In this energy conscious time of ours there is one single thing we could do to conserve billions of barrels of oil: Move our power plants closer to us!
Since the early 20th century we've build them farther and farther away from cities and towns. We learned with the first ones in the late 19th century that no one liked having a smoke-spewing plant next door.
So, by 1910 or so power companies built them far from city centers. At first moving them made for economies of scale because one plant could serve several cites. Yet we paid a penalty: A decrease in efficiency.

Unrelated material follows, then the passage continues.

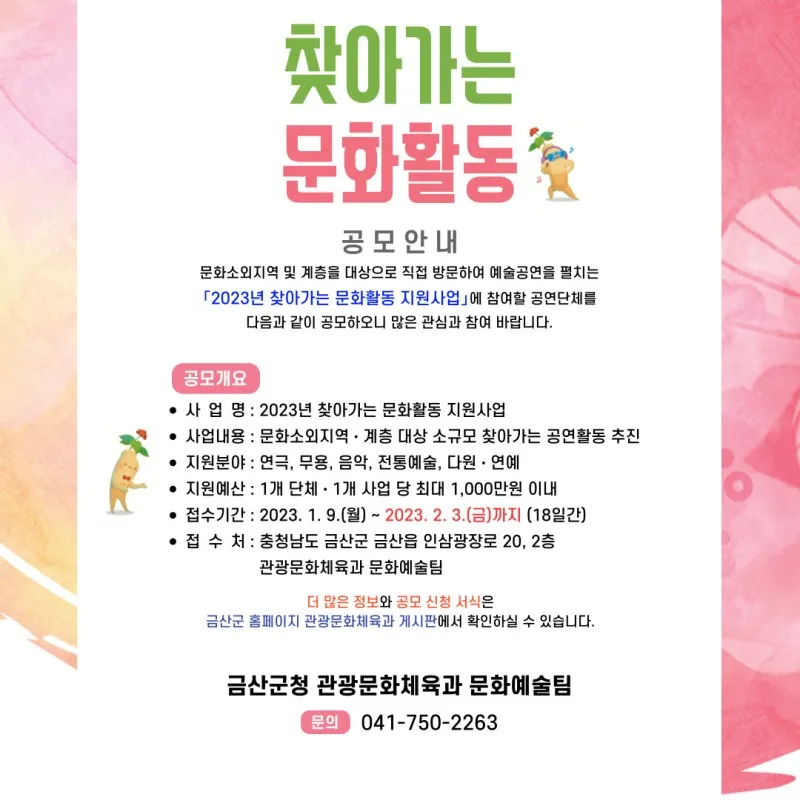 문의 : 금산군청 관광문화체육과 문화예술팀 ☎041-750-2263

By efficiency I mean the fraction of energy that enters compared to the amount of electricity created. You see, a power plant burns oil to produce electricity. Each gallon of oil entering has a maximum amount of energy, but we don't convert all of that to useful electricity. Some it goes into running the equipment in the plant, some we lose as heat. Also transmitting the electricity long distances over power lines involves energy loss as heat, typically about 10 to 15 percent.

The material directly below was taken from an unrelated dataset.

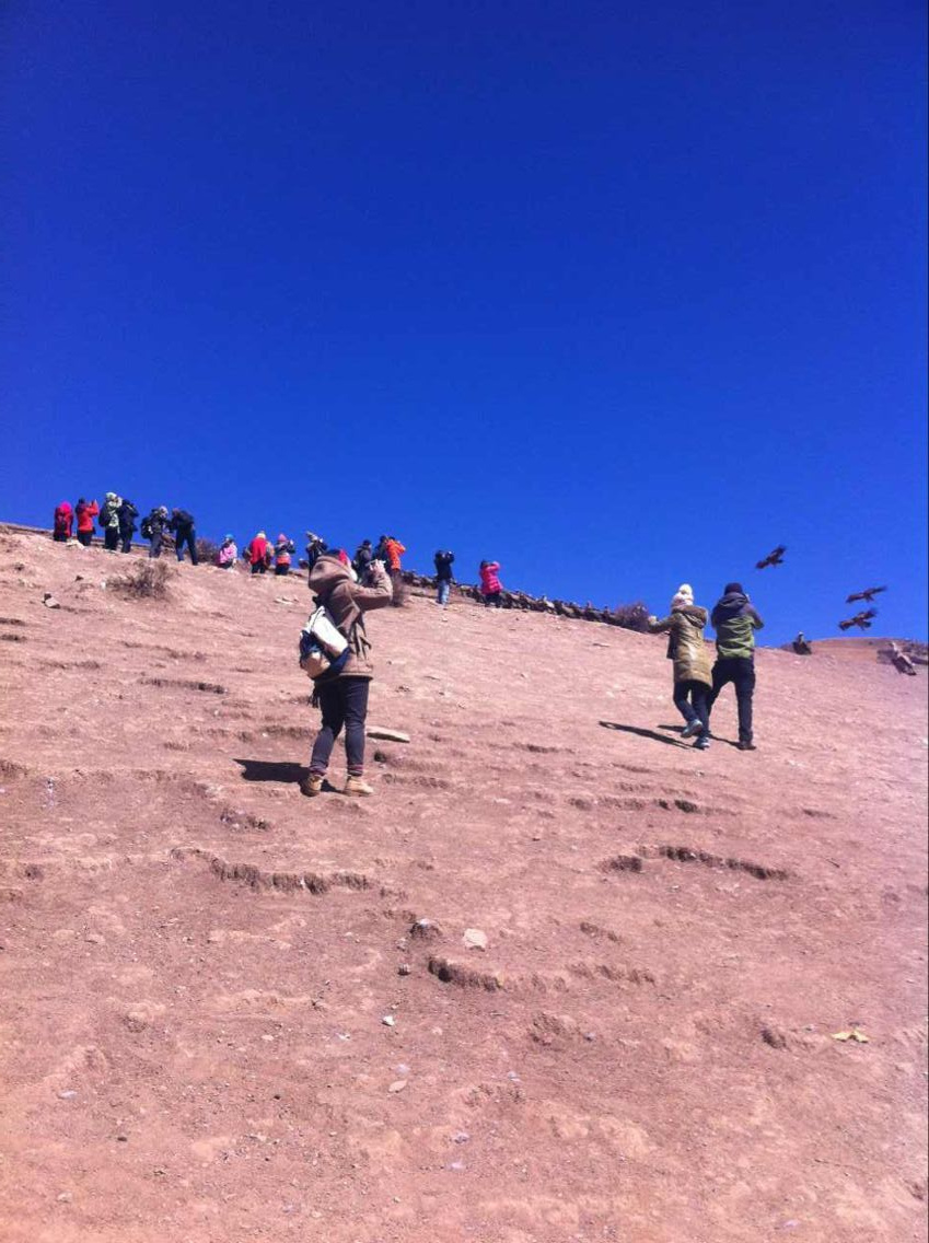 开始进攻了,后悔站得太近了,天葬师一挥手,秃鹫些就开始往下扑,灰尘很大,风也大。扑面而来的味道那简直是“爽歪歪”啊。。。

With all that in mind, here's an astonishing fact: Our peak energy efficiency occurred in 1910. Yes, that's right 1910. We converted about 65% of the input energy into useable electricity. My moving power plants further away we dropped by 1960 to an efficiency of about 30 percent. Partly this occurred because of lost energy in long transmission lines, but also because the heat from the plant could not be recycled and used in nearby buildings, instead they simply vented it.
With today's technology we can convert more than 50% of the energy from burning fuel into electricity, while at the same time giving off fewer pollutants. New technologies also create quieter plants, ones that would be good neighbors. In addition we could recycle waste heat to nearby office buildings and homes, and with nearby plants we would lose less energy to transmission.
All combined we could achieve between 65 and 95 plus percent efficiency. Creating an infrastructure of these smaller, delocalized plants would mean a savings, over three decades, of $5 trillion in capital investment, and would consume 122 billion fewer barrels of oil. All this means, of course, less carbon dioxide emission, less pollution, and cheaper energy.